(Collection entries)
○ ○ ○ ○
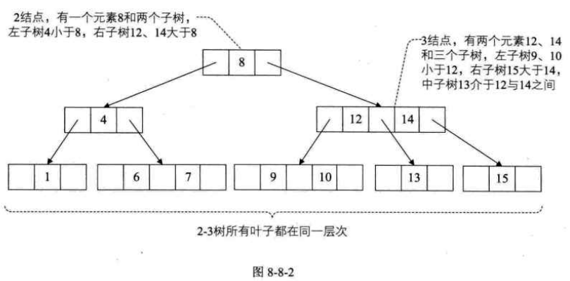 \quad \quad 另外,2-3树中所有的叶子都在同一层次上。如下图,就是一棵有效的2-3树。
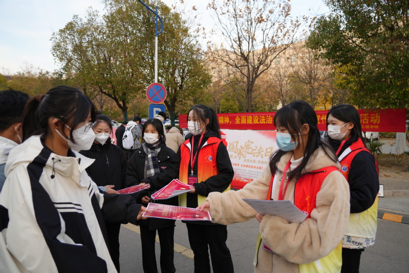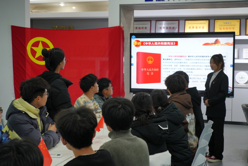 12月1日下午,信息工程学院在教师发展中心举办了“宪法与我们”宪法宣传周主题讲座,讲座邀请徐州市泉山区人民检察院普法宣讲团志愿者为学生讲法普法。活动现场,志愿者介绍了我国宪法发展历程和主要内容,结合实际案例讲解了宪法赋予公民的基本权利和义务,阐明了宪法的内涵,为学生们答疑解惑。讲座结束后,青年志愿者深入学生宿舍、操场、教学楼等地发放宣传单并进行解答,同时引导同学们下载国家反诈APP,本次活动共计发放宣传资料1000余份,服务人数超过2000人次。此外,信息工程学院还通过开展主题班会课、团日活动等形式,进一步弘扬法治精神,让法治观念入脑入心。
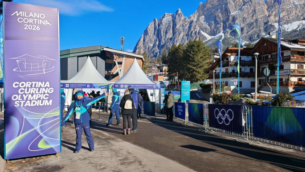 ↑在科尔蒂纳冰壶馆前的引导志愿者钟昕
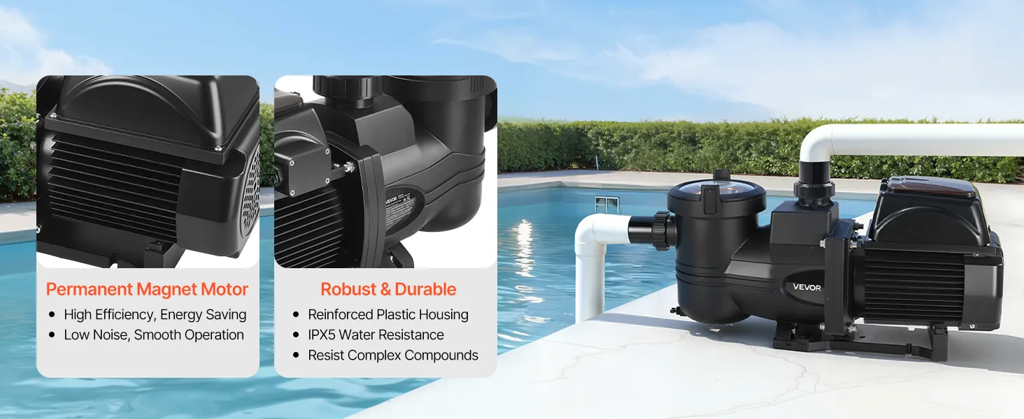 Najwyższa jakość i trwałość: Wyposażona w silnik z magnesami trwałymi, zapewniający płynną i cichą pracę. Ta samozasysająca pompa filtrująca ma wzmocnioną obudowę, jest wodoodporna zgodnie ze standardem IPX5 i zapewnia doskonałą ochronę przed trudnymi warunkami panującymi w basenie.
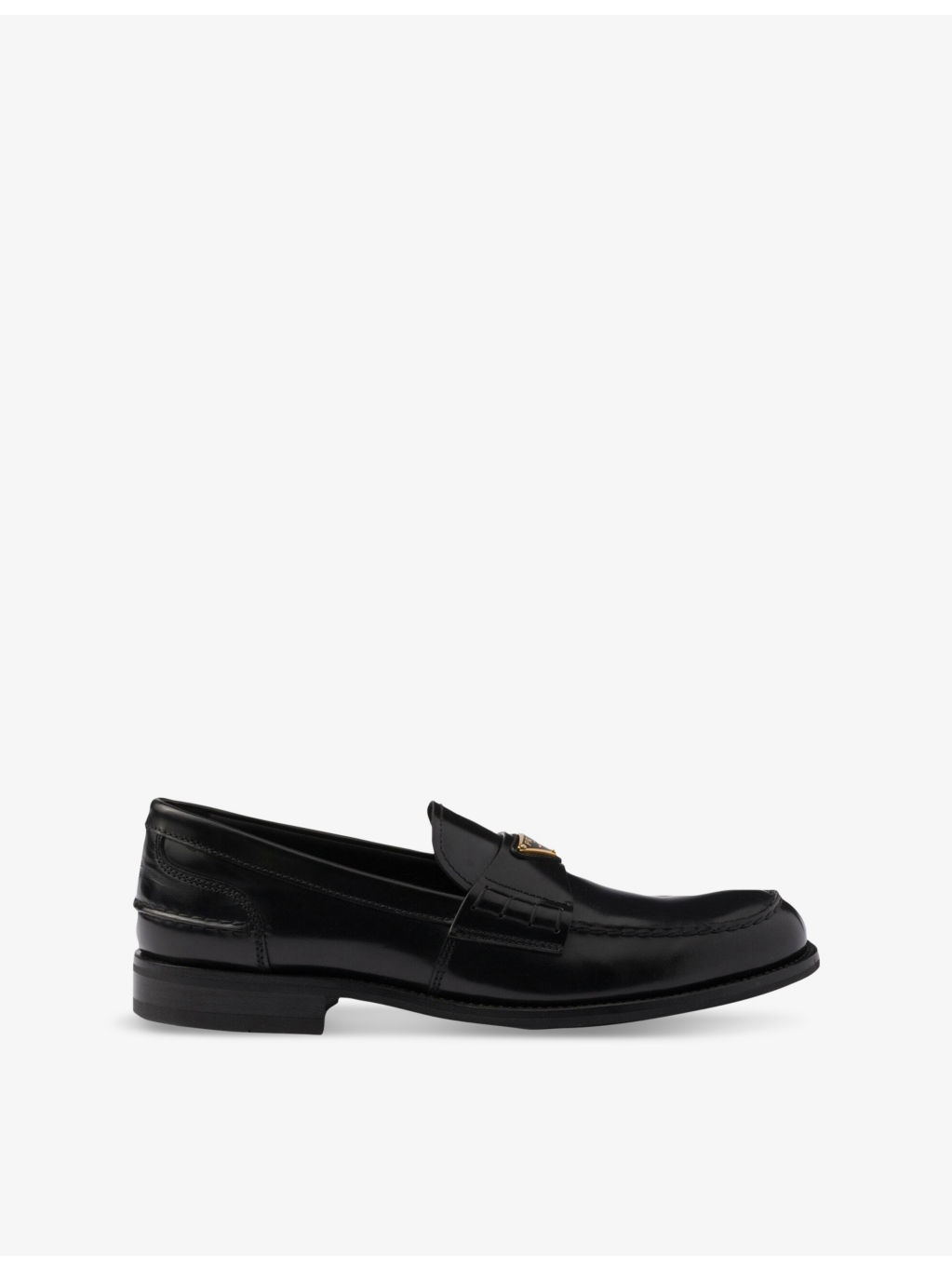 PRODUCT DETAILS - Prada leather loafers - 100% leather - Slips on - Round closed toe, enamelled metal triangle logo plaque at front, tonal stitching, branded insole, low block heel, brushed finish - Specialist leather clean - Made in Italy - Upper: 100% leather - Lining: 100% leather - Sole: 100% leather Ref: R04422619
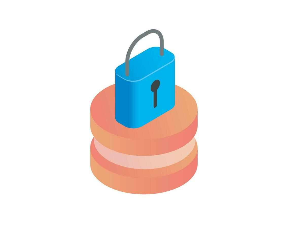 Isometric style icon of server security with padlock isolated on white background Pro Vector and Pro SVG
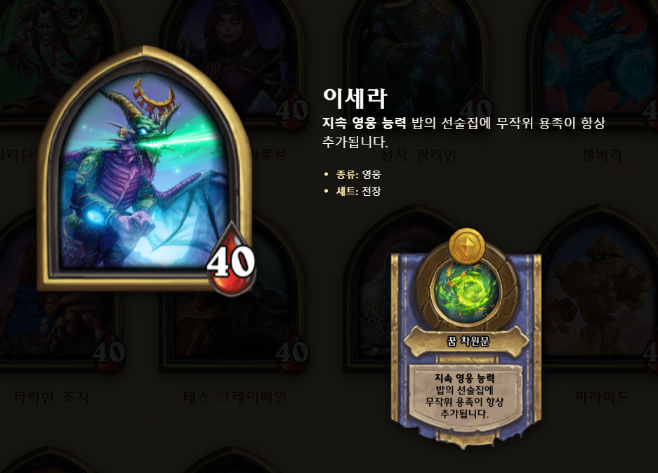이세라의 영웅 능력은 기존 "첫 밥의 선술집에 무작위 용족을 추가합니다" 에서 "항상 밥의 선술집에 무작위 용족이 추가됩니다."로 변경되었습니다. 즉, 리롤을 할 때도 용족이 반드시 1장은 추가되기 때문에 이전보다 용덱을 맞추기 수월해졌습니다. 특히 8 턴에 5 레벨을 찍고, 황금 카드로 6성 칼렉고스를 발견을 성공해야 하는 용덱과 적절한 시너지를 가지게 되었다고 생각합니다.
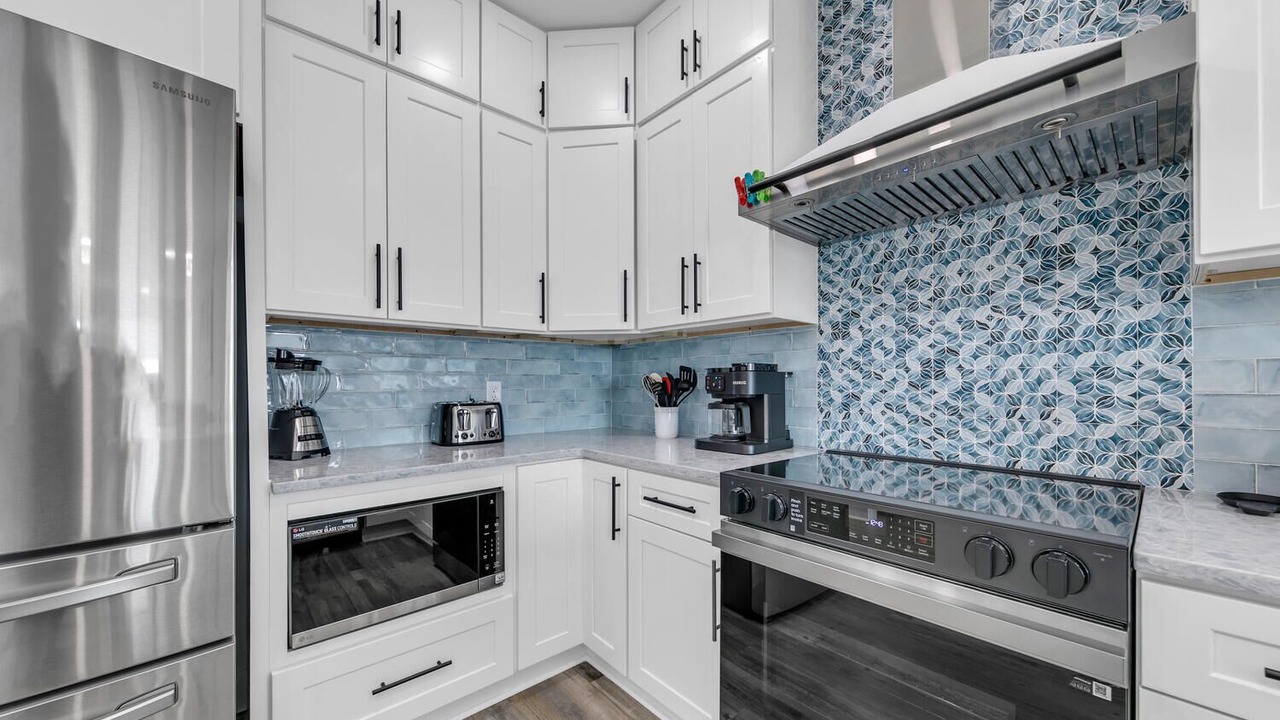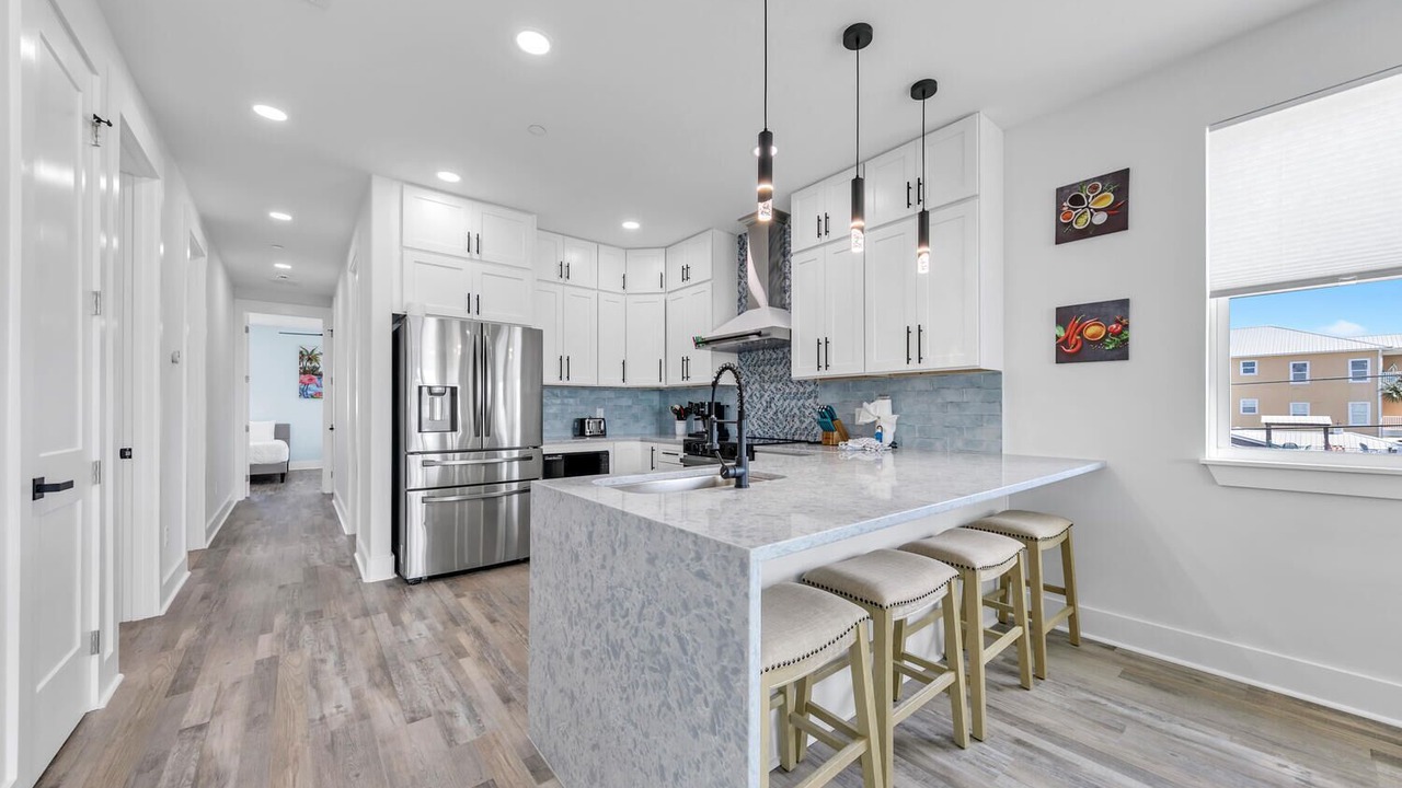 The first floor offers a large gathering space with a Game table that includes pool, ping pong, and air hockey and a Foosball table for hours of fun that also conveniently allows access to the back patio and the private pool. The first floor also includes a queen bedroom and en suite, another full bathroom, an office work space and the first of two laundry rooms. The second floor offers the large open kitchen, living and dining area for family dinners, balcony to enjoy morning coffee or evening sunset watching. There is also a guest bedroom with a queen bed and another guest bedroom with two queen beds, as well as, one full bath and one half bath. The third floor brings you to the beautiful cozy King master with a private ensuite with exquisite high end finishes and a private balcony over looking the emerald green water of the Gulf! Further down the hall on this floor is a Wet Bar area with a wine cooler, a second laundry room and two more bedrooms - One bedroom with a Twin over king bunk and one with two more queen beds, and another full bathroom. In total, this unit can comfortably sleep up to 17 guests.
○ ○ ○ ○
> [What is expected]: Both ends included, copy the lines from the one holding "Isometric style icon" to the last line of the entries exactly, with all pictures left out.

> [Written reply]:
 Isometric style icon of server security with padlock isolated on white background Pro Vector and Pro SVG
이세라의 영웅 능력은 기존 "첫 밥의 선술집에 무작위 용족을 추가합니다" 에서 "항상 밥의 선술집에 무작위 용족이 추가됩니다."로 변경되었습니다. 즉, 리롤을 할 때도 용족이 반드시 1장은 추가되기 때문에 이전보다 용덱을 맞추기 수월해졌습니다. 특히 8 턴에 5 레벨을 찍고, 황금 카드로 6성 칼렉고스를 발견을 성공해야 하는 용덱과 적절한 시너지를 가지게 되었다고 생각합니다.
 The first floor offers a large gathering space with a Game table that includes pool, ping pong, and air hockey and a Foosball table for hours of fun that also conveniently allows access to the back patio and the private pool. The first floor also includes a queen bedroom and en suite, another full bathroom, an office work space and the first of two laundry rooms. The second floor offers the large open kitchen, living and dining area for family dinners, balcony to enjoy morning coffee or evening sunset watching. There is also a guest bedroom with a queen bed and another guest bedroom with two queen beds, as well as, one full bath and one half bath. The third floor brings you to the beautiful cozy King master with a private ensuite with exquisite high end finishes and a private balcony over looking the emerald green water of the Gulf! Further down the hall on this floor is a Wet Bar area with a wine cooler, a second laundry room and two more bedrooms - One bedroom with a Twin over king bunk and one with two more queen beds, and another full bathroom. In total, this unit can comfortably sleep up to 17 guests.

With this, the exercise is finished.